* **WHAT THE EXERCISE ASKS**
Everything in the data below except the pictures must be repeated word for word.

* **GIVEN INFORMATION**
******

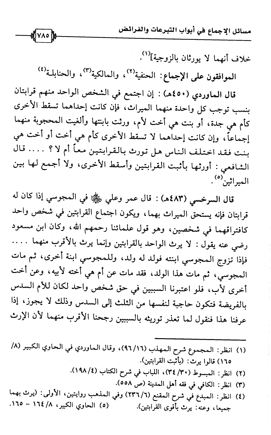 قال السرخسي (483 هـ): قال عمر وعلي -رضي اللَّه عنهما- في المجوسي إذا كان له قرابتان فإنه يستحق الميراث بهما، ويكون اجتماع القرابتين في شخص واحد كافتراقهما في شخصين، وهو قول علمائنا رحمهم اللَّه، وكان ابن مسعود رضي عنه يقول: لا يرث الواحد بالقرابتين وإنما يرث بالأقرب منهما. . . فإذا تزوج المجوسي ابنته فولد له ولد، وللمجوسي ابنة أخرى، ثم مات المجوسي، ثم مات هذا الولد، فقد مات عن أم هي أخته لأبيه، وعن أخت أخرى لأب، فلو اعتبرنا السببين في حق شخص واحد لكان للأم السدس بالفريضة فتكون حاجبة لنفسها من الثلث إلى السدس وذلك لا يجوز، إذا عرفنا هذا فنقول لما تعذر توريثه بالسببين رجحنا الأقرب منهما لأن الإرث
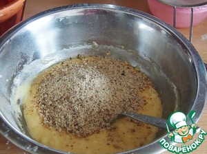 Взбить три белка до тугих пиков и осторожно вмешать в тесто.
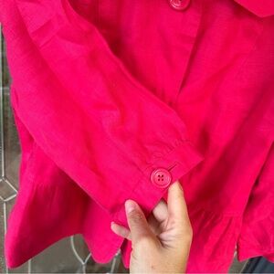 Kim Rogers Size 12 Cropped Peplum 3/4 Length Sleeves Button Up Jacket linen

******

* **FINISHED TASK**
 قال السرخسي (483 هـ): قال عمر وعلي -رضي اللَّه عنهما- في المجوسي إذا كان له قرابتان فإنه يستحق الميراث بهما، ويكون اجتماع القرابتين في شخص واحد كافتراقهما في شخصين، وهو قول علمائنا رحمهم اللَّه، وكان ابن مسعود رضي عنه يقول: لا يرث الواحد بالقرابتين وإنما يرث بالأقرب منهما. . . فإذا تزوج المجوسي ابنته فولد له ولد، وللمجوسي ابنة أخرى، ثم مات المجوسي، ثم مات هذا الولد، فقد مات عن أم هي أخته لأبيه، وعن أخت أخرى لأب، فلو اعتبرنا السببين في حق شخص واحد لكان للأم السدس بالفريضة فتكون حاجبة لنفسها من الثلث إلى السدس وذلك لا يجوز، إذا عرفنا هذا فنقول لما تعذر توريثه بالسببين رجحنا الأقرب منهما لأن الإرث
 Взбить три белка до тугих пиков и осторожно вмешать в тесто.
 Kim Rogers Size 12 Cropped Peplum 3/4 Length Sleeves Button Up Jacket linen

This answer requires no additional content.